Write out the whole listing below exactly, skipping each picture.
### DATASET RECORDS
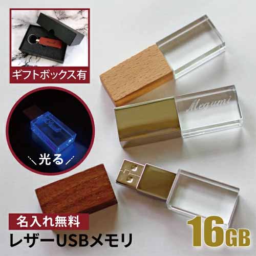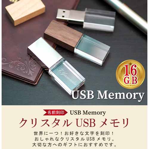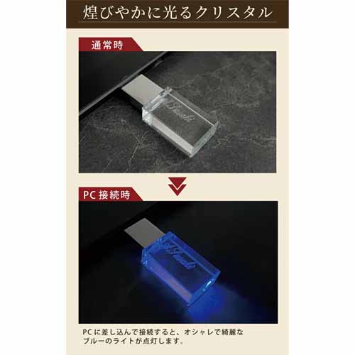 持ち手部分がクリスタル仕様で、差し込むと光るデザイン。16GB容量で日常使いに十分なスペックです。レーザー刻印による名入れは無料対応。コンパクトで持ち運びやすく、PC周りに置くだけでも気分が上がります。
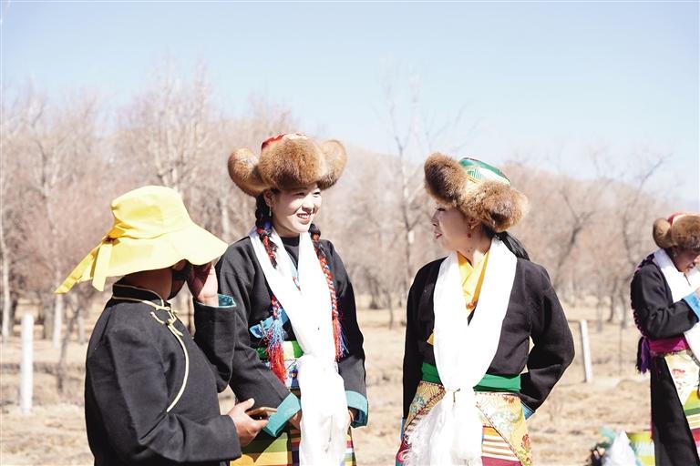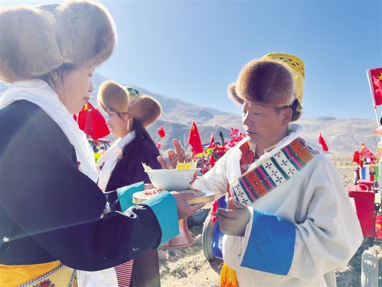 在巴嘎雪村,村民們早早地在田間等待著儀式的舉行。巴嘎雪村二組的旦巴曲桑說:“這是我第三次參加春播儀式,我們在舉行開耕儀式的前幾天,家家戶戶都要釀造青稞酒,還要給‘鐵?!瘻?zhǔn)備裝飾品。在春播儀式開始的這一天,全家人都穿上節(jié)日盛裝,并將耕牛和拖拉機(jī)也打扮得漂漂亮亮的,祈求五谷豐登?!?/p>
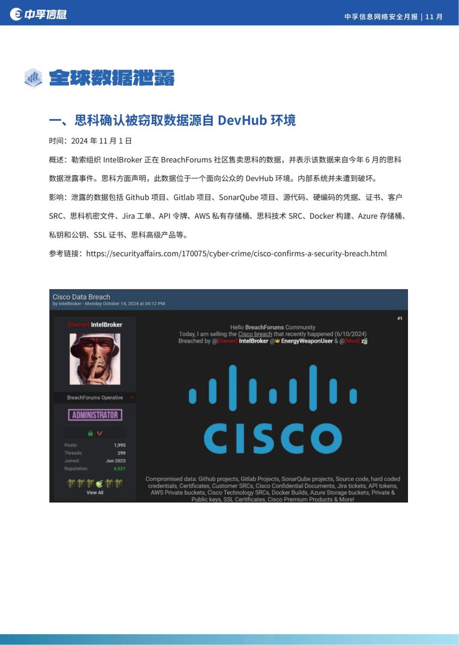 2024年11月29日,suncitygroup太阳集团信息发布《suncitygroup太阳集团信息2024年11月网络安全月报》。
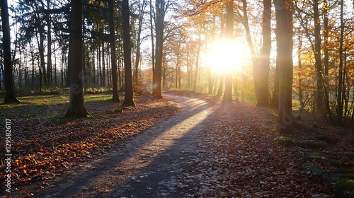 Golden Hour Glow on a Quiet Path in a Scenic Autumn Forest : Generative AI
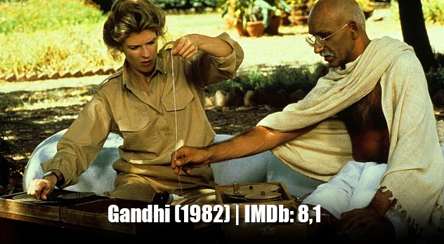 19 - Gandhi (1982) | IMDb: 8,11900'lü yılların başında, Hindistan'dayız... İngiliz sömürüsü altındaki ülke, esareti tüm iliklerinde hissetmekte, özgürlük kavramının hissettirdiklerini günden güne yitirmektedir. Bu dönem ortaya çıkan bir kişilik, epik bir tarih yazarak, insanlık tarihinin en önemli kahramanlarından biri haline gelecektir. Tüm zamanların en ilham verici kişiliklerinden biri olacak bu adam, Hindistan tarihinin en önemli kişiliği Mahatma Gandhi'den başkası değildir... Biyografi filmleri türünün en yetkin örneklerinden biri olan Gandhi, birçok sebepten dolayı etkisini asla yitirmeyecek, epik bir yapıttır. Akademi Ödülleri'nde sekiz dalda Oscar kazanan film, 300.000 kişiden oluşan, sinema tarihinin en kalabalık sahnesi rekorunu elinde bulunduran cenaze sahnesiyle hafızalara kazınmıştır.
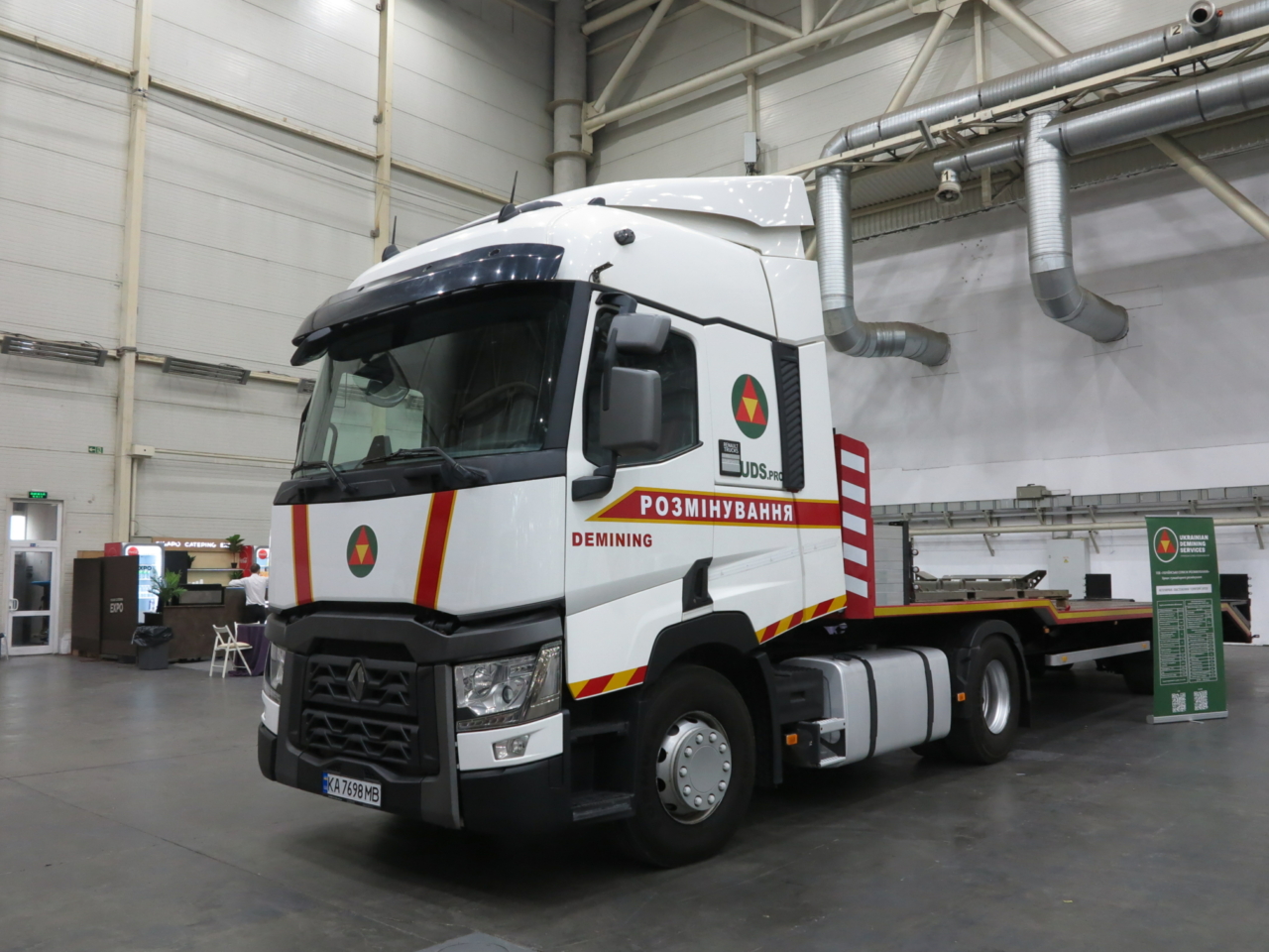 Рядом демонстрируется и пиротехнический автомобиль тяжелого типа ПМ-В на шасси Daewoo Novus (6×6). Автомобиль имеет бронированную кабину с противоминной защитой, а также отсек с бронированным лотком для перевозки взрывоопасных предметов массой до 500 кг.
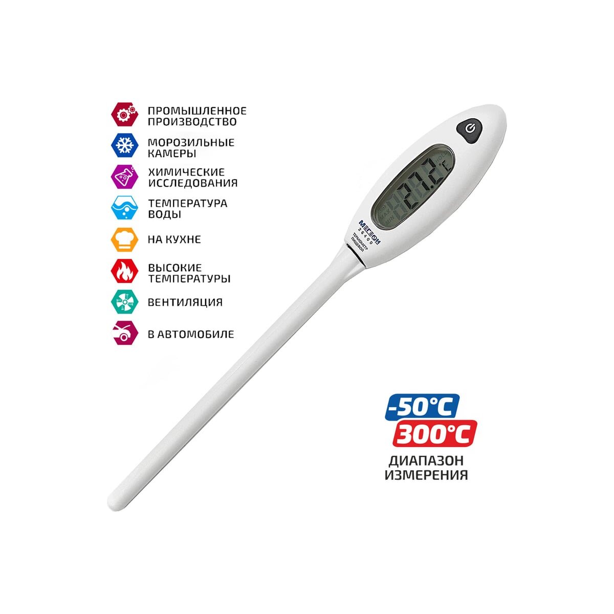 Контактный термометр (тип - игла), в основном используется для измерения температуры пищевых продуктов. Зонд термометра выполнен из нержавеющей стали высшего качества. При помощи термометра с зондом можно точно отслеживать температуру приготовления пищи (в духовке, на гриле, в воде). Термометр также применяют, в различных сферах деятельности (работа с отопительным и холодильным оборудованием, при обработке пластиков и резины). Может также приняться для работы с растениями - поможет узнать температуру у корневища. Простота эксплуатации достигается простому управлению одной кнопкой на панели. Помимо измерения текущих значений температуры предусмотрено удержание максимальных и минимальных показателей нагрева или охлаждения. Благодаря функции автоматического выключения увеличен срок службы батареи.
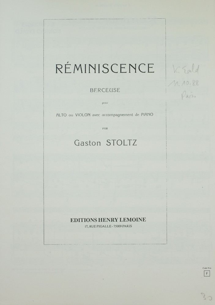 Réminiscence. Berceuse für Bratsche (Violine) und Klavier
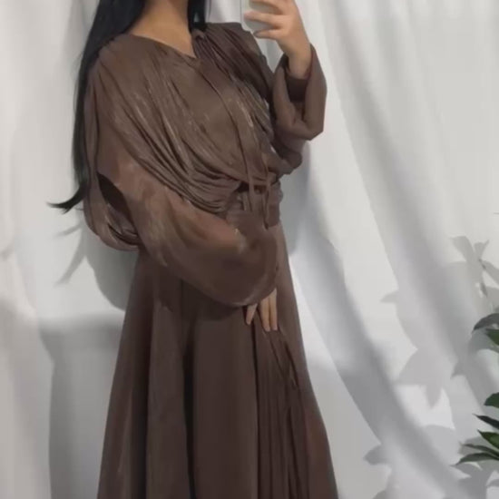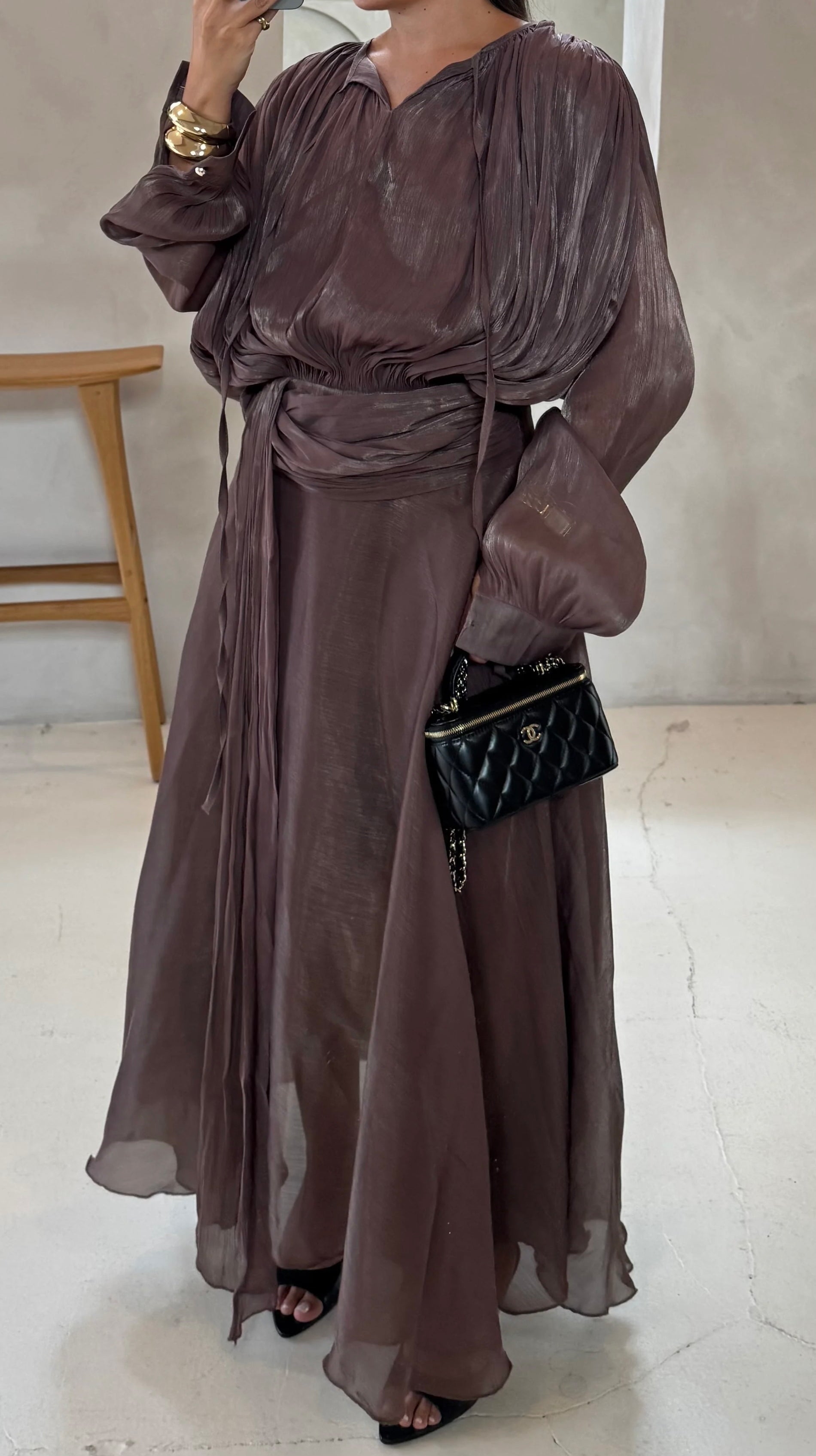 A fluid, shimmering silhouette crafted from delicate pleated fabric. The soft drape, subtle sheen, and refined tie detail create an effortlessly elegant and feminine look.
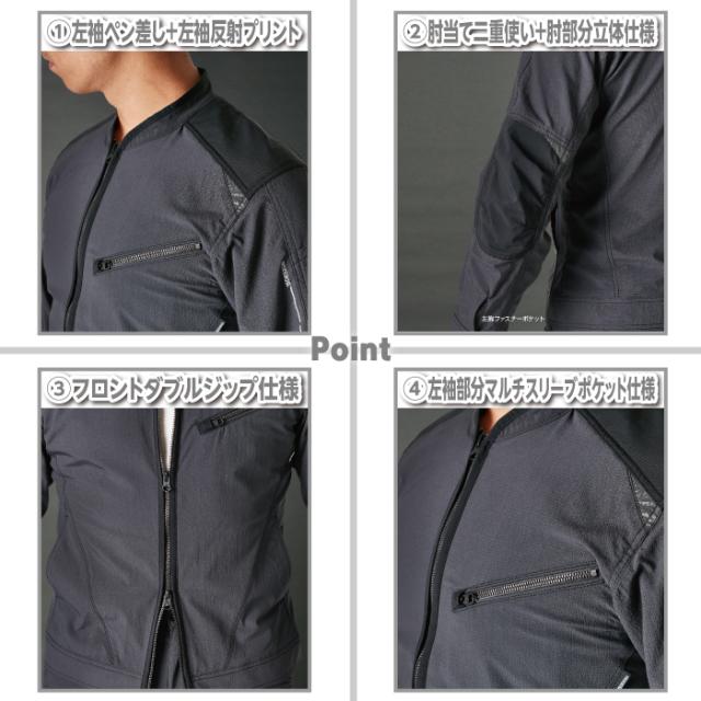 ◇ 機能:超軽量・4Dストレッチ・超強度・帯電防止素材・安心の日本製素材使用・形態安定性・反射機能・耐久撥水・左袖ペン差し+左袖反射プリント・肘当て二重使い+肘部分立体仕様・フロントダブルジップ・左胸ファスナーポケット
######
YOUR RESPONSE.
 持ち手部分がクリスタル仕様で、差し込むと光るデザイン。16GB容量で日常使いに十分なスペックです。レーザー刻印による名入れは無料対応。コンパクトで持ち運びやすく、PC周りに置くだけでも気分が上がります。
 在巴嘎雪村,村民們早早地在田間等待著儀式的舉行。巴嘎雪村二組的旦巴曲桑說:“這是我第三次參加春播儀式,我們在舉行開耕儀式的前幾天,家家戶戶都要釀造青稞酒,還要給‘鐵?!瘻?zhǔn)備裝飾品。在春播儀式開始的這一天,全家人都穿上節(jié)日盛裝,并將耕牛和拖拉機(jī)也打扮得漂漂亮亮的,祈求五谷豐登?!?/p>
 2024年11月29日,suncitygroup太阳集团信息发布《suncitygroup太阳集团信息2024年11月网络安全月报》。
 Golden Hour Glow on a Quiet Path in a Scenic Autumn Forest : Generative AI
 19 - Gandhi (1982) | IMDb: 8,11900'lü yılların başında, Hindistan'dayız... İngiliz sömürüsü altındaki ülke, esareti tüm iliklerinde hissetmekte, özgürlük kavramının hissettirdiklerini günden güne yitirmektedir. Bu dönem ortaya çıkan bir kişilik, epik bir tarih yazarak, insanlık tarihinin en önemli kahramanlarından biri haline gelecektir. Tüm zamanların en ilham verici kişiliklerinden biri olacak bu adam, Hindistan tarihinin en önemli kişiliği Mahatma Gandhi'den başkası değildir... Biyografi filmleri türünün en yetkin örneklerinden biri olan Gandhi, birçok sebepten dolayı etkisini asla yitirmeyecek, epik bir yapıttır. Akademi Ödülleri'nde sekiz dalda Oscar kazanan film, 300.000 kişiden oluşan, sinema tarihinin en kalabalık sahnesi rekorunu elinde bulunduran cenaze sahnesiyle hafızalara kazınmıştır.
 Рядом демонстрируется и пиротехнический автомобиль тяжелого типа ПМ-В на шасси Daewoo Novus (6×6). Автомобиль имеет бронированную кабину с противоминной защитой, а также отсек с бронированным лотком для перевозки взрывоопасных предметов массой до 500 кг.
 Контактный термометр (тип - игла), в основном используется для измерения температуры пищевых продуктов. Зонд термометра выполнен из нержавеющей стали высшего качества. При помощи термометра с зондом можно точно отслеживать температуру приготовления пищи (в духовке, на гриле, в воде). Термометр также применяют, в различных сферах деятельности (работа с отопительным и холодильным оборудованием, при обработке пластиков и резины). Может также приняться для работы с растениями - поможет узнать температуру у корневища. Простота эксплуатации достигается простому управлению одной кнопкой на панели. Помимо измерения текущих значений температуры предусмотрено удержание максимальных и минимальных показателей нагрева или охлаждения. Благодаря функции автоматического выключения увеличен срок службы батареи.
 Réminiscence. Berceuse für Bratsche (Violine) und Klavier
 A fluid, shimmering silhouette crafted from delicate pleated fabric. The soft drape, subtle sheen, and refined tie detail create an effortlessly elegant and feminine look.
 ◇ 機能:超軽量・4Dストレッチ・超強度・帯電防止素材・安心の日本製素材使用・形態安定性・反射機能・耐久撥水・左袖ペン差し+左袖反射プリント・肘当て二重使い+肘部分立体仕様・フロントダブルジップ・左胸ファスナーポケット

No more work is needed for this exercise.